◆ **STUDY MATERIAL**:

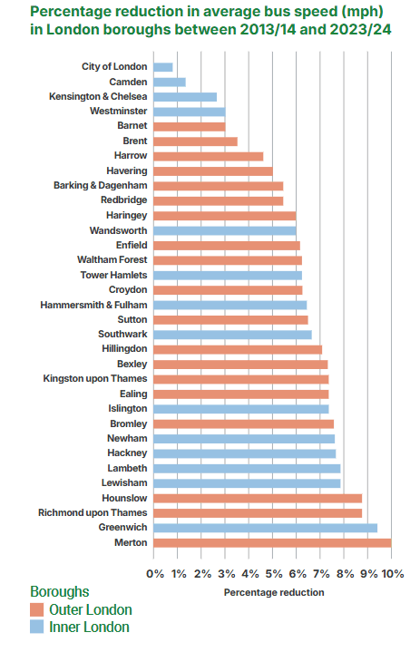The average speed of buses in Hounslow is now 9.4mph compared to 8mph in Hammersmith & Fulham and 9.3mph in Ealing. Outer London boroughs tend to have higher average speeds than those closer to the centre.
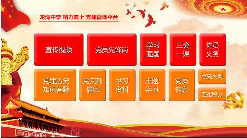 黨員先鋒崗、學習強國、三會一課、黨員義務、黨支部信息、主題學習、黨群聯(lián)系等相關內容
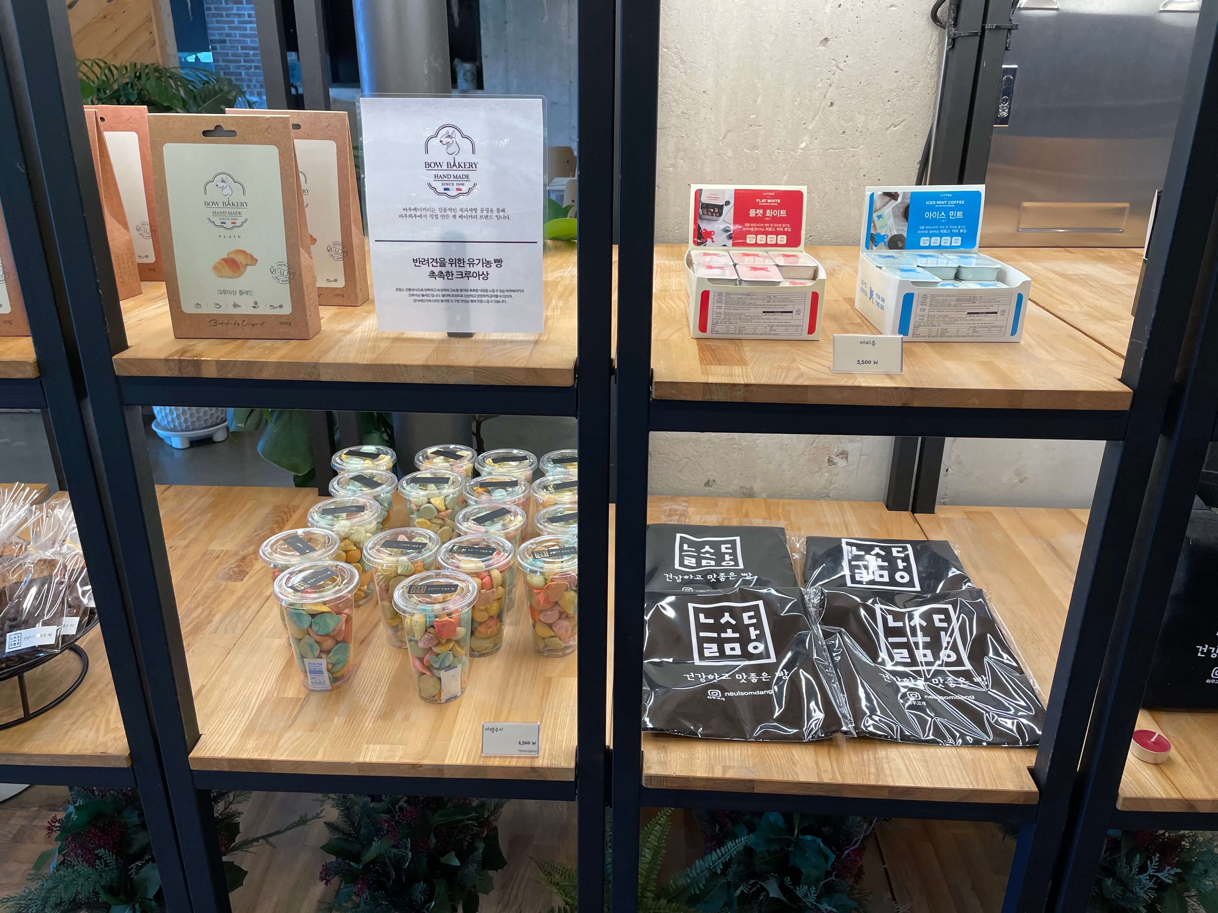 늘솜당에는 다양한 음료와 쿠키 빵을 판매하고 있고 심지어 심플한 에코백까지 판매하고 있었습니다.
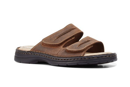 Slide on into a pair of these beauties and be exposed to the true meaning of comfort. Featuring a memory foam sole that feels like your walking on clouds and topped with classic chestnut brown leather that gives the sandal a timeless feel, this sandal is the uncontested king of footwear.
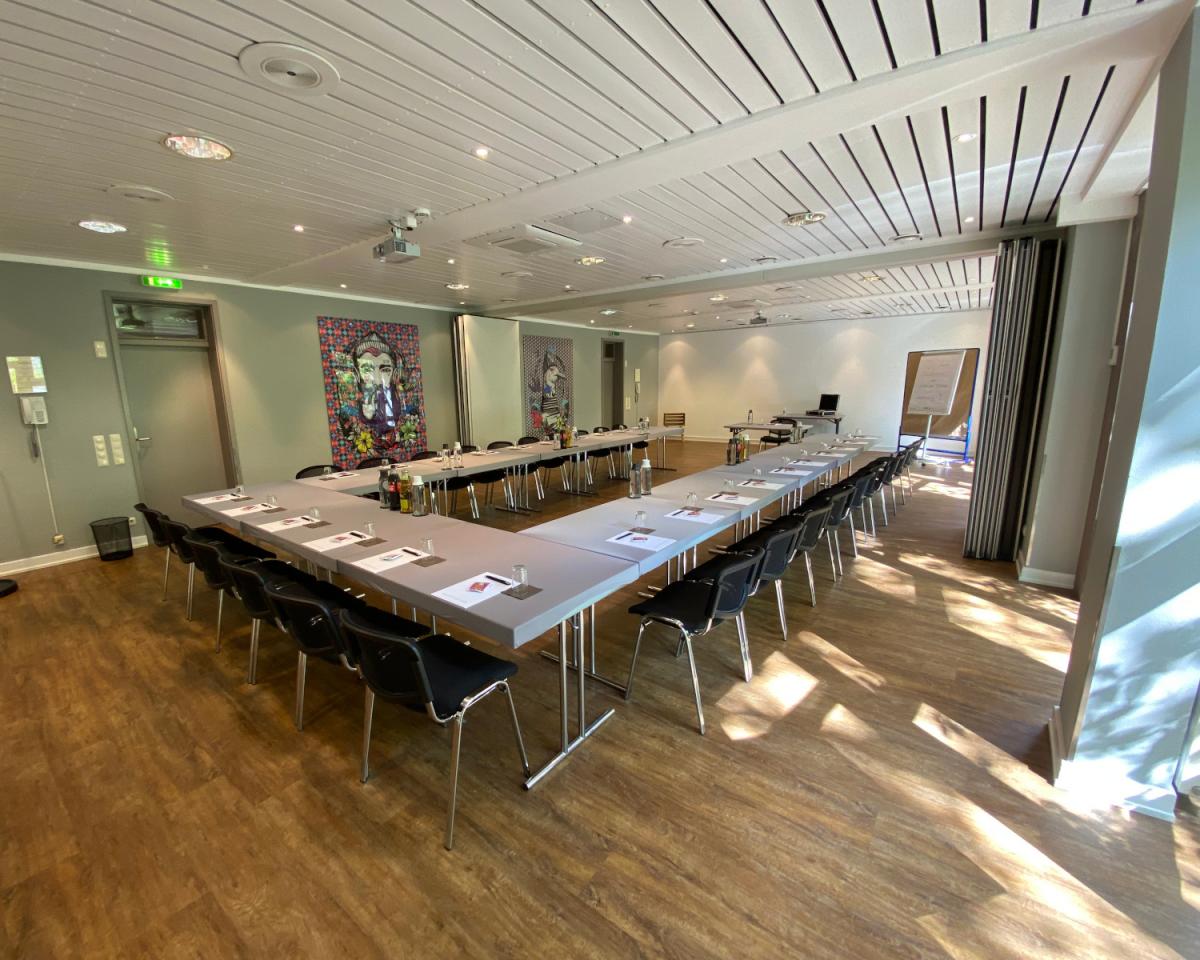 Tagende können dort auf eine ruhige Lage bauen und auf ein entspanntes Hotelambiente, das mit Einrichtungspfiff, munteren Farbakzenten und einer Prise Eleganz für sich einnimmt. Zum Arbeiten hat man die Wahl unter verschiedenen Räumlichkeiten (18–86 m²), die jeweils tageslichthelle und gut ausgestattete Wirkungsflächen für ungestörtes Kommunizieren und Lernen darstellen. Warme Farbtöne, Stuck-Elemente und angenehme Lichtquellen tragen zusätzlich zum Wohlfühlen und produktiven Arbeiten bei. Wer sich nach frischem Wind für neue Gedanken sehnt, kann in 5 Seminarräume von Terrassen mit Blick ins Grüne profitieren.
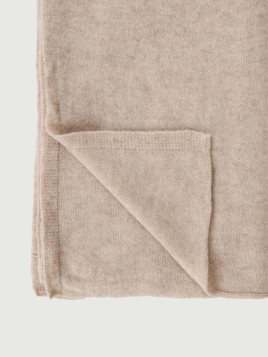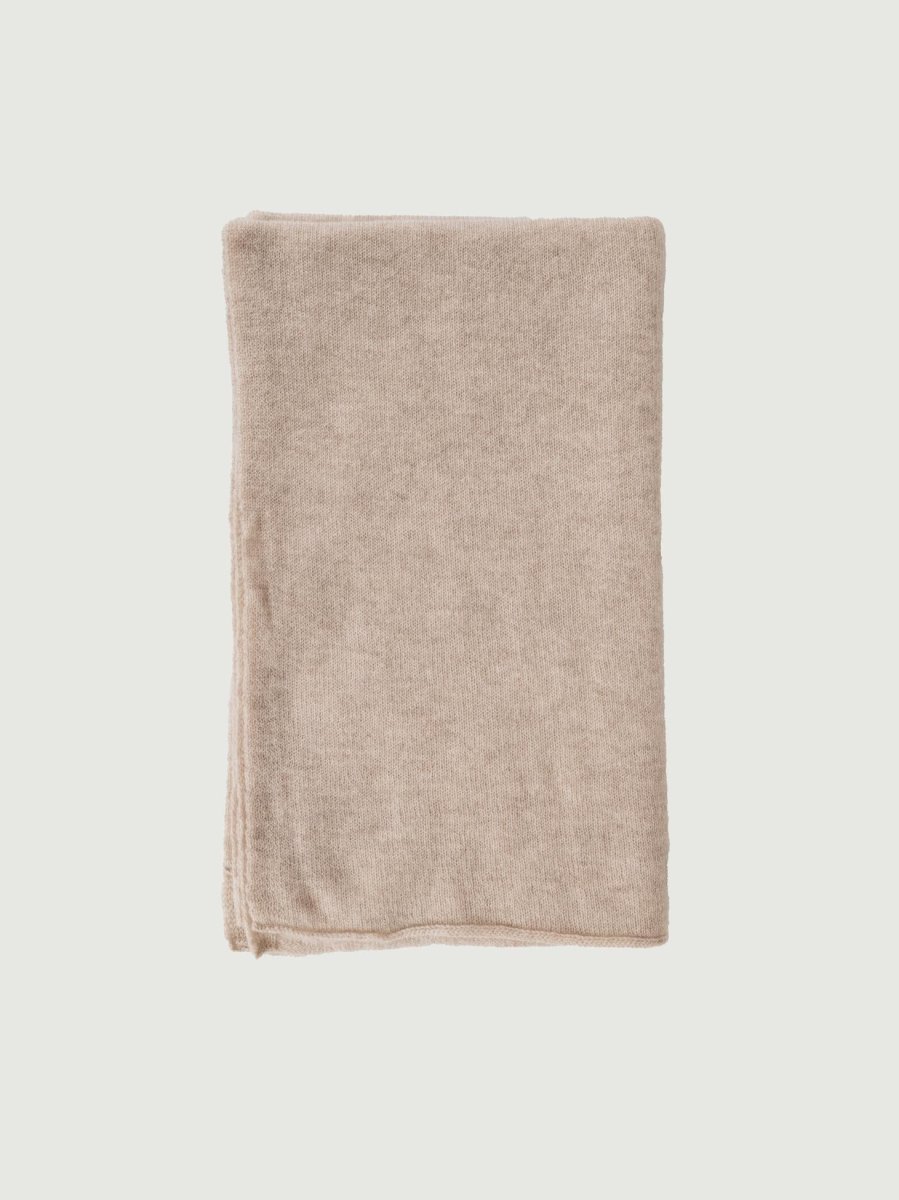Sciarpa beige realizzata in morbido cashmere, caldo e avvolgente.
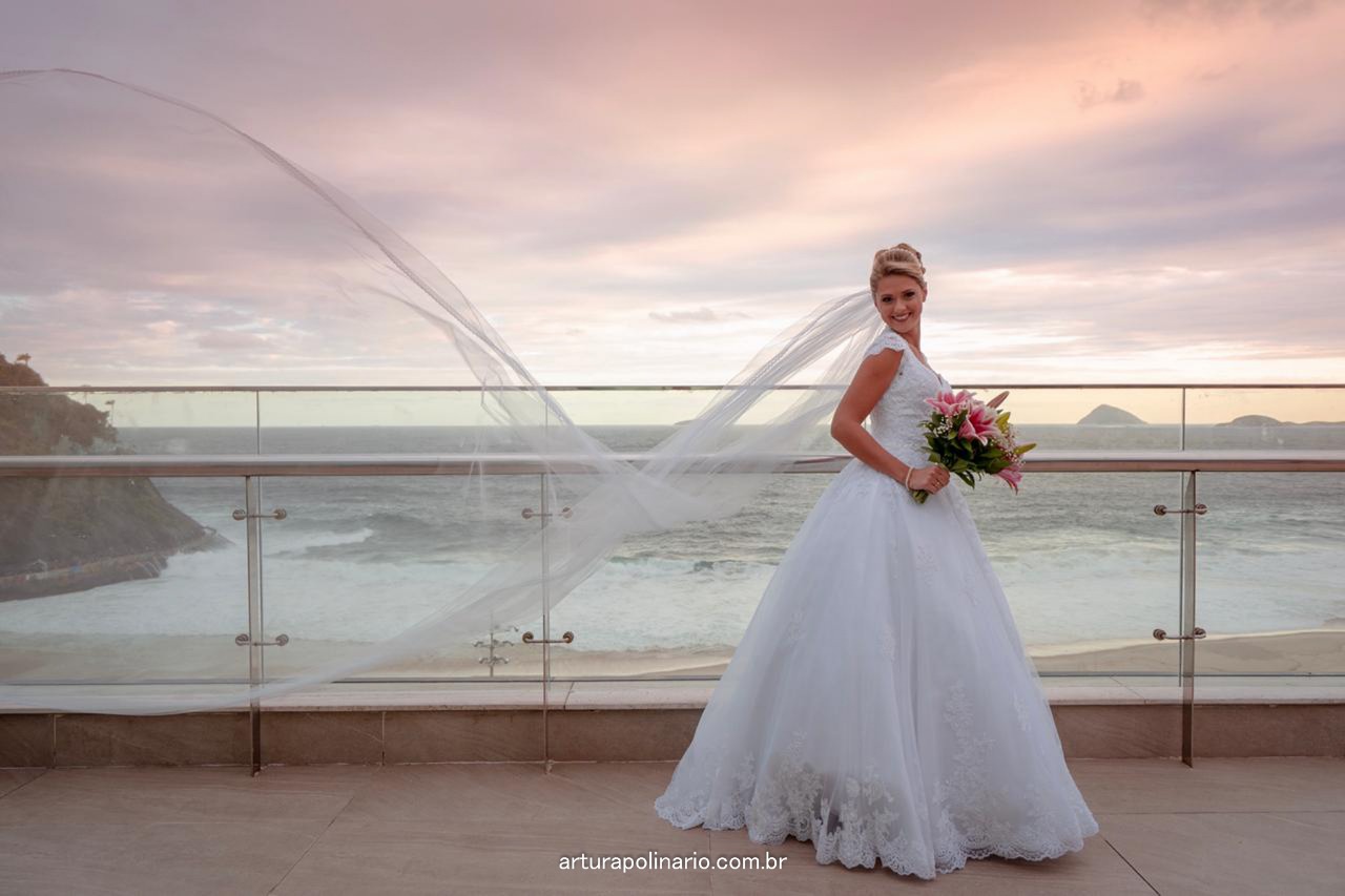 Vestido: Ivana Beaumond Paris. Beleza da noiva: Florence Beaumond. Fotografia: João Ricardo Januzzi/Artur Apolinario. Local do ensaio: Arena Leme Hotel.
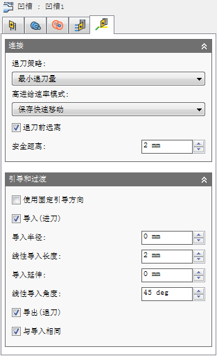 指定切削加工路径起点处导入移动的距离(长度)。

◆ **WHAT THE TASK ASKS**: Transcribe all of the records above exactly; no image should appear in what you write.

◆ **ANSWER SECTION**:
The average speed of buses in Hounslow is now 9.4mph compared to 8mph in Hammersmith & Fulham and 9.3mph in Ealing. Outer London boroughs tend to have higher average speeds than those closer to the centre.
 黨員先鋒崗、學習強國、三會一課、黨員義務、黨支部信息、主題學習、黨群聯(lián)系等相關內容
 늘솜당에는 다양한 음료와 쿠키 빵을 판매하고 있고 심지어 심플한 에코백까지 판매하고 있었습니다.
 Slide on into a pair of these beauties and be exposed to the true meaning of comfort. Featuring a memory foam sole that feels like your walking on clouds and topped with classic chestnut brown leather that gives the sandal a timeless feel, this sandal is the uncontested king of footwear.
 Tagende können dort auf eine ruhige Lage bauen und auf ein entspanntes Hotelambiente, das mit Einrichtungspfiff, munteren Farbakzenten und einer Prise Eleganz für sich einnimmt. Zum Arbeiten hat man die Wahl unter verschiedenen Räumlichkeiten (18–86 m²), die jeweils tageslichthelle und gut ausgestattete Wirkungsflächen für ungestörtes Kommunizieren und Lernen darstellen. Warme Farbtöne, Stuck-Elemente und angenehme Lichtquellen tragen zusätzlich zum Wohlfühlen und produktiven Arbeiten bei. Wer sich nach frischem Wind für neue Gedanken sehnt, kann in 5 Seminarräume von Terrassen mit Blick ins Grüne profitieren.
Sciarpa beige realizzata in morbido cashmere, caldo e avvolgente.
 Vestido: Ivana Beaumond Paris. Beleza da noiva: Florence Beaumond. Fotografia: João Ricardo Januzzi/Artur Apolinario. Local do ensaio: Arena Leme Hotel.
 指定切削加工路径起点处导入移动的距离(长度)。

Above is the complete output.